▸ **INPUT DATA**

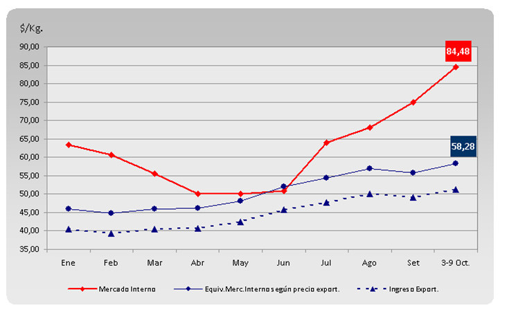 Se trata de un estudio comparativo entre Exportación y Mercado Interno entre el 1º de enero y el 9 de octubre de 2010, que muestra que el precio de la carne que los frigoríficos venden a las carnicerías locales ronda actualmente los 85 pesos, mientras que para el mercado de exportación de ubica en los 58 pesos.
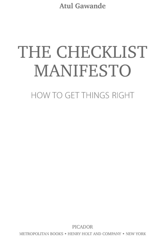 Чек-лист: Как избежать глупых ошибок, ведущих к фатальным последствиям / Атул Гаванде; Пер. с англ. — М.: АЛЬПИНА ПАБЛИШЕР, 2014.
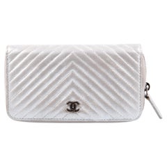 Chanel silver-tone metallic quilted lambskin leather wallet featuring a silver-tone signature interlocking “CC”, quilted smooth navy lambskin leather, a top zip opening, inside comp...
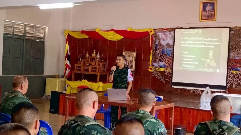 เมื่อวันที่ 16 กันยายน 2568 โรงพยาบาลค่ายกาวิละ โดยทีมส่งเสริมสุขภาพและเวชกรรมป้องกัน ร่วมกับทีมครู ก. จัดการอบรมให้ความรู้แก่กำลังพลกองพันสัตว์ต่าง กรมการสัตว์ทหารบก ที่จะขึ้นปฏิบัติภารกิจป้องกันชายแดน ณ ค่ายตากสิน อำเภอแม่ริม จังหวัดเชียงใหม่ การอบรมครั้งนี้ครอบคลุมทั้งภาคทฤษฎีและปฏิบัติ ตั้งแต่การช่วยชีวิตขั้นพื้นฐาน การปฏิบัติการฟื้นคืนชีพด้วยการปั๊มหัวใจร่วมกับการใช้เครื่องกระตุ้นไฟฟ้าหัวใจอัตโนมัติ การปฐมพยาบาลเบื้องต้นและการใช้อุปกรณ์ช่วยชีวิตประจำกาย การเคลื่อนย้ายผู้บาดเจ็บทางยุทธวิธี การช่วยเหลือผู้ป่วยสำลักอาหาร ตลอดจนการดูแลสุขาภิบาลสนาม
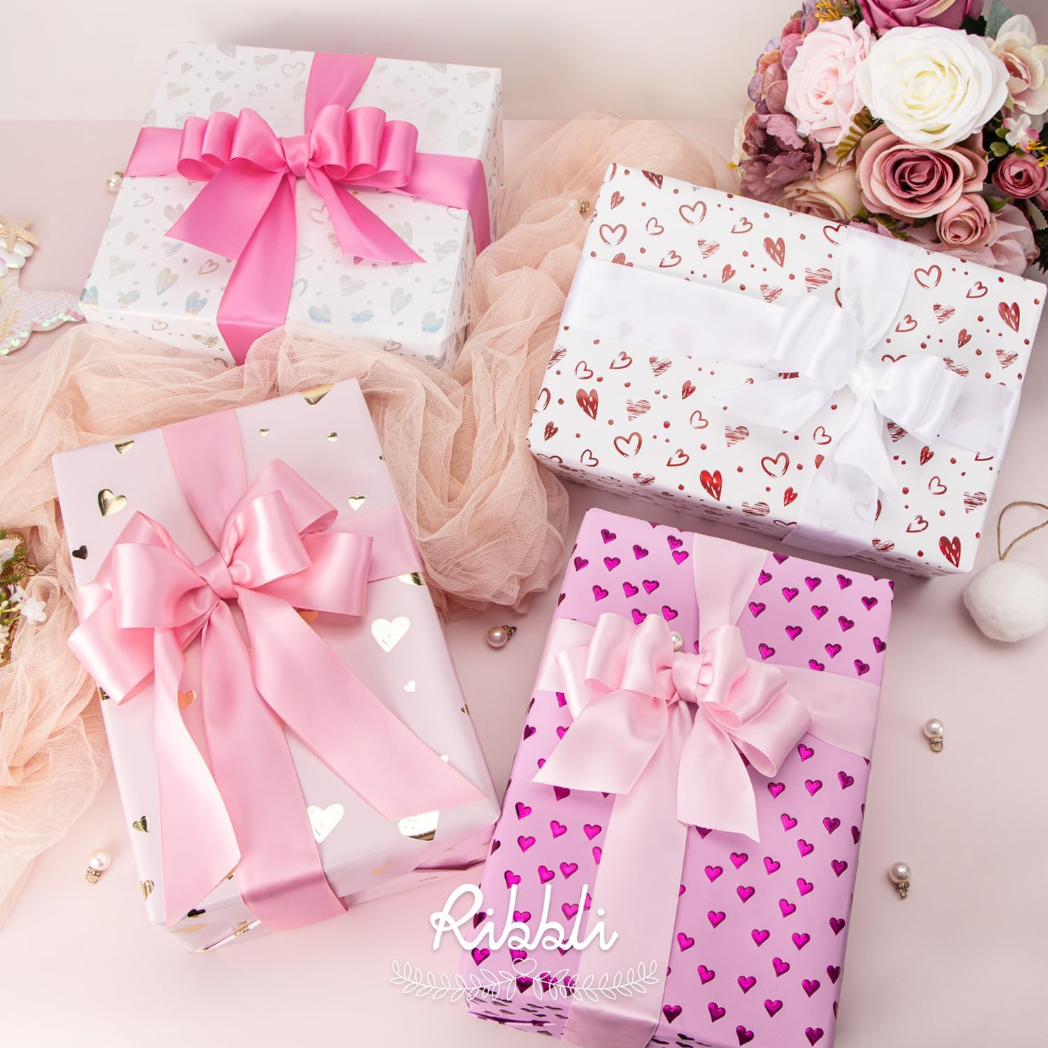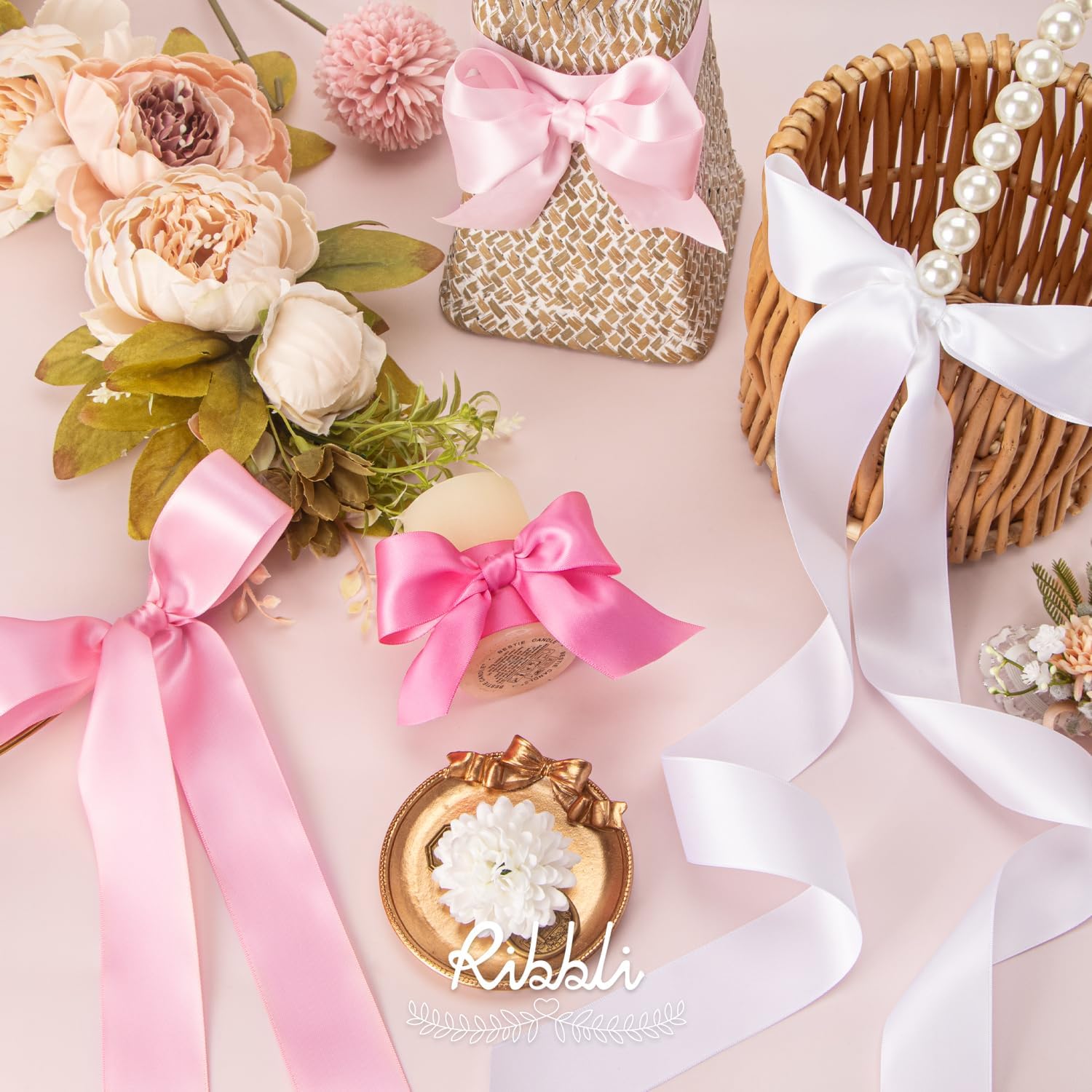 Ribbli Pink Satin Ribbon 1-1/2 Inch x 4 Rolls Total 40 Yards- White Pink Ribbon for Gift Wrapping Craft Wedding Decoration

▸ **WORK ORDER**
Copy nothing but the lines from the top of the material through the line holding "Чек-лист: Как избежать", exactly as written; omit pictures.

▸ **RESPONSE FOR THIS EXERCISE**
 Se trata de un estudio comparativo entre Exportación y Mercado Interno entre el 1º de enero y el 9 de octubre de 2010, que muestra que el precio de la carne que los frigoríficos venden a las carnicerías locales ronda actualmente los 85 pesos, mientras que para el mercado de exportación de ubica en los 58 pesos.
 Чек-лист: Как избежать глупых ошибок, ведущих к фатальным последствиям / Атул Гаванде; Пер. с англ. — М.: АЛЬПИНА ПАБЛИШЕР, 2014.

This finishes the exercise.